Introduction

Gastric tuberculosis whether as a primary or secondary infection is uncommon [1]. It is usually associated with pulmonary tuberculosis [2]. Isolated gastric tuberculosis without features of lesion elsewhere, is even rarer, with very few cases being reported in literature [37]. Lack of specific clinical, radiological and endoscopic features makes the diagnosis difficult [3]. We present a case of isolated gastric tuberculosis in a young female patient who presented with gastric outlet obstruction due to an ulcerated nodular mass in the antrum.

Case Report

A thirty year old female patient presented with complaints of nausea and vomiting for 5 months and epigastric pain for 4 months. She noticed a significant weight loss in the last 2 months. Vomitus consisted of undigested food residue. Pain was precipitated by meals. There was no history of haematemesis, malena or any systemic illness. There was no past or family history of tuberculosis. The patient was non-diabetic. Her HIV status was negative. Clinical examination revealed epigastric fullness with succussion splash. Complete haemogram, renal and liver function tests and x ray chest were within normal limits. Mantoux test was negative. Upper GI endoscopy was suggestive of an ulcerated nodular mass at the antrum with a non-negotiable gastric outlet obstruction. Endoscopic mucosal biopsy did not reveal malignancy or granuloma. In view of gastric outlet obstruction without specific histological diagnosis, the patient was subjected to exploratory laparotomy.

On laparotomy the pylorus was stenosed and deformed. There was a large ulcero-nodular growth at the antrum. Distal gastrectomy was done with Roux – en – Y gastrojejunostomy (Fig. 1). Histopathology revealed granulomatus inflammation of tuberculous origin involving all the layers of the stomach and perigastric lymphnodes. Postoperative recovery was uneventful. The patient was put on antitubercular chemotherapy with a four drug regimen of isoniazide 300 mg, rifampicin 450 mg, ethambutol 900 mg and pyrizinamide 1,500 mg for initial 2 months followed by isoniazide and rifampicin in the same dose for another 4 months. On her first follow up visit, 1 month after discharge, she had gained 3 kg body weight and her appetite had improved.

Fig. 1
figure 1

Resected specimen of distal stomach showing ulcerated nodular mass

Discussion

Gastric tuberculosis is a rare entity even in a country like India where tuberculosis is endemic. Usually gastric tuberculosis is secondary to pulmonary tuberculosis [2]. Isolated gastric tuberculosis without evidence of lesion elsewhere is even rarer [4]. The reason for this rarity is attributed to bactericidal property of gastric acid, scarcity of lymphoid tissue in the gastric wall and intact gastric mucosa of the stomach [5, 8]. The possible routes of infection include direct infection of the mucosa, haematogenous spread or extension from a neighboring tuberculous lesion [3, 9].

The clinical presentation of gastric tuberculosis is entirely non-specific with complaints of epigastric pain, vomiting and weight loss [4, 10]. Gastric outlet obstruction is the most common presentation of tuberculosis [6]. Other presentations reported in literature are haematemesis [11], perforation [1, 12], non healing ulcer [13], and dysphagia [5].

Endoscopic brush cytology and biopsy is only occasionally successful in diagnosis [10]. The diagnosis of tuberulosis requires demonstration of caseating epithelioid granuloma or presence of acid fast bacilli in tissue [5]. Antitubercular chemotherapy forms the mainstay of treatment when diagnosis of gastric tuberculosis is made.
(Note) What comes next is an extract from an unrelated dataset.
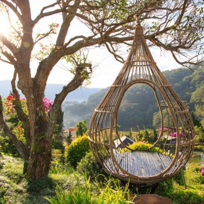 Nằm trên đèo Tà Nung (gần cà phê Mê Linh), Dalaland được mệnh danh là “tiểu Bali giữa lòng Đà Lạt”. Khu phức hợp này có diện tích rộng, bài trí nhiều tiểu cảnh check-in kiểu Bali giữa thiên nhiên: nào là xích đu bay giữa không trung, tổ chim khổng lồ, cổng trời Bali thứ hai, giường lưới trên cao nhìn ra thung lũng… Từng góc nhỏ ở Dalaland đều có thể trở thành background ảo diệu khiến bạn ngỡ như đang du lịch Bali thực sự. Ngoài ra, Dalaland còn kết hợp dịch vụ lưu trú dạng homestay bungalow và quán cafe, thuận tiện cho du khách nghỉ qua đêm “săn mây” sáng sớm.

Due to lack of accurate clinical diagnosis and sensitive laboratory investigations, most patients need surgical intervention for diagnosis [3, 5]. Even if diagnosed by endoscopic biopsy, surgery may be required for complications such as gastric outlet obstruction, perforation or bleeding.

Conclusion

Though rare, gastric tuberculosis should be kept in mind especially for patients presenting with gastric outlet obstruction in an endemic area. Antitubercular chemotherapy forms the mainstay of treatment. Surgery is required to relieve gastric outlet obstruction or for complications like haematemesis and perforation.